The fire extinguisher idea scares me a little only because my luck someone would grab the powder bottle by mistake and i'd really have a ghost walking on stage, and not a happy one at that

I think I might head towards the split screen image idea, I can hide the front projector in a doghouse down stage. Any Ideas for the fabric walls ? and I was thinking for the little sparkly lights I use fishline with small mirrors attached and can shimmer with light as he steps through and onto the platform, maybe downlight with an intense beam...

Thanks again for all the ideas

Sean...


----------



## FatherMurphy (May 27, 2011)

Here's another low-tech possibility - get a piece of mylar rain curtain, and tie it to a circle hung horizontally just over the set's top edge, with slits in the wall on at least one side. Start with rain curtain upstage, during the transport effect turn the circle and curtain so it comes through the slit on one side so it's downstage of the wall, actor enters upstage of rain curtain, and then rain curtain goes back offstage, revealing actor.
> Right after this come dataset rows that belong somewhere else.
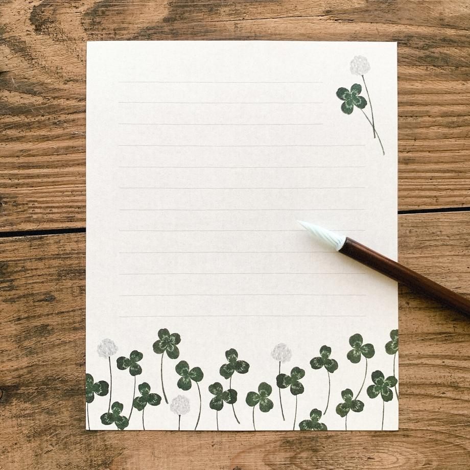 クローバー が描かれた やさしい雰囲気のレターセット。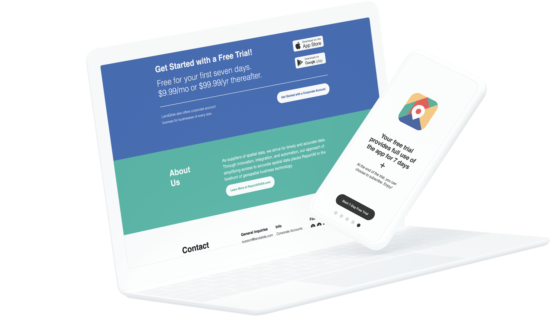 In tandem with the new brand and UI refresh, we created a new marketing campaign focused on getting the brand in front of new users. The campaign was focused on app downloads as well as general brand awareness that included a LandGlide microsite.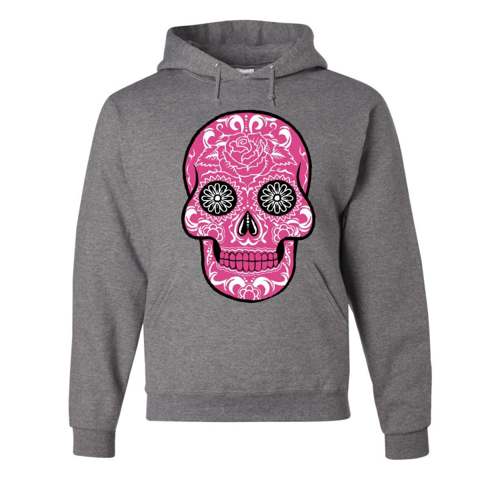 CALAVERA PINK SUGAR SKULL pink sugar skull with roses hoodie day of the dead sweatshirt gray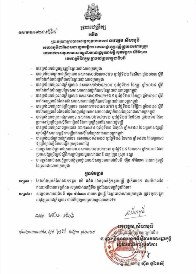 យោងតាមព្រះរាជក្រឹត្យ ចុះថ្ងៃទី២៧ ខែវិច្ឆិកា ២០២៥ ព្រះមហាក្សត្រនៃកម្ពុជា ព្រះករុណាព្រះបាទសម្ដេចព្រះបរមនាថ នរោត្តម សីហមុនី បានត្រាស់បង្គាប់តែងតាំង ឯកឧត្តម ម៉ៅ ធនិន ជាអភិបាលខេត្តកំពត សម្រាប់អាណត្តិទី២ ជាបន្តទៀត។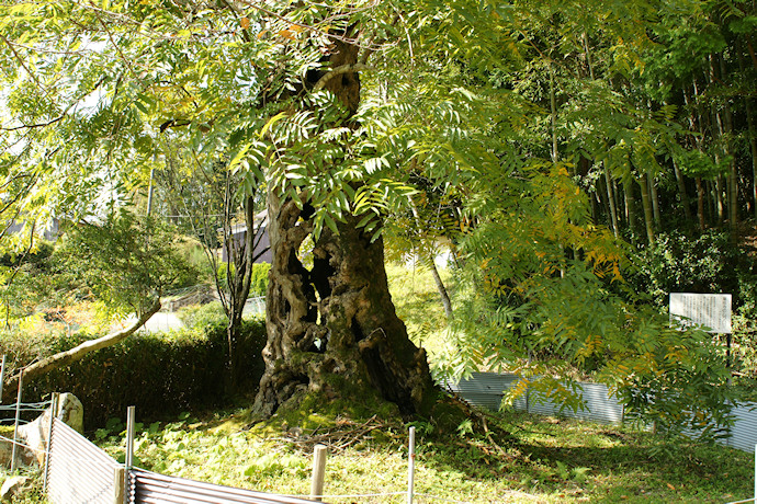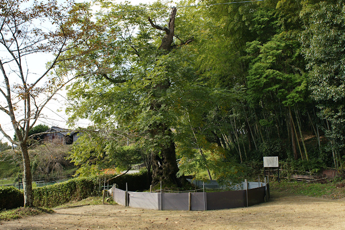ムクロジは伊賀の乱後に植えられたとされます。樹齢400年といわれ、幹は空洞だらけ。樹皮だけで生きているようです。畑仕事をされていた近所のおばあさんに聞くと、そう長生きできないことを見越しそばに後継樹を育てているとのこと。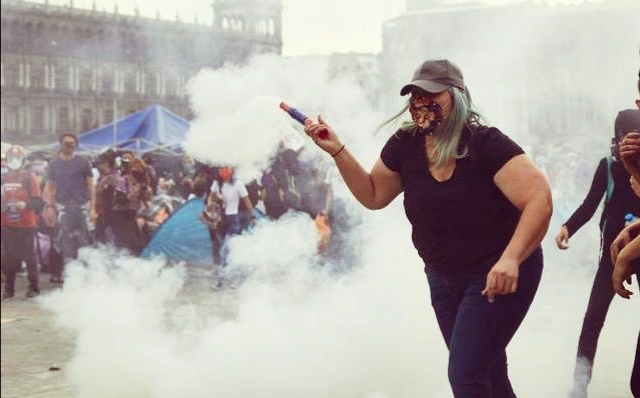 No nos fuimos sin ver de nuevo a «La Reinota», la mujer que regresó una bomba de humo a policías en el Zócalo de la Ciudad de México.

Otherwise, the VNSP downlight seems like a cheap and effective method, perhaps combined with mylar coins in a small snowbag.


----------



## ruinexplorer (May 29, 2011)

I love Pepper's Ghost, but the biggest challenge is getting the audience in the narrow field of vision where it works well. If you can find the Magic's Secrets revealed (masked magician) where they do the PG effect (girl turns into the magician or something like that), you will see how off it can be if you are observing it from the wrong angle. If you've ever gone to the Haunted Mansion at a Disney theme park, you have a great example of PG in action. 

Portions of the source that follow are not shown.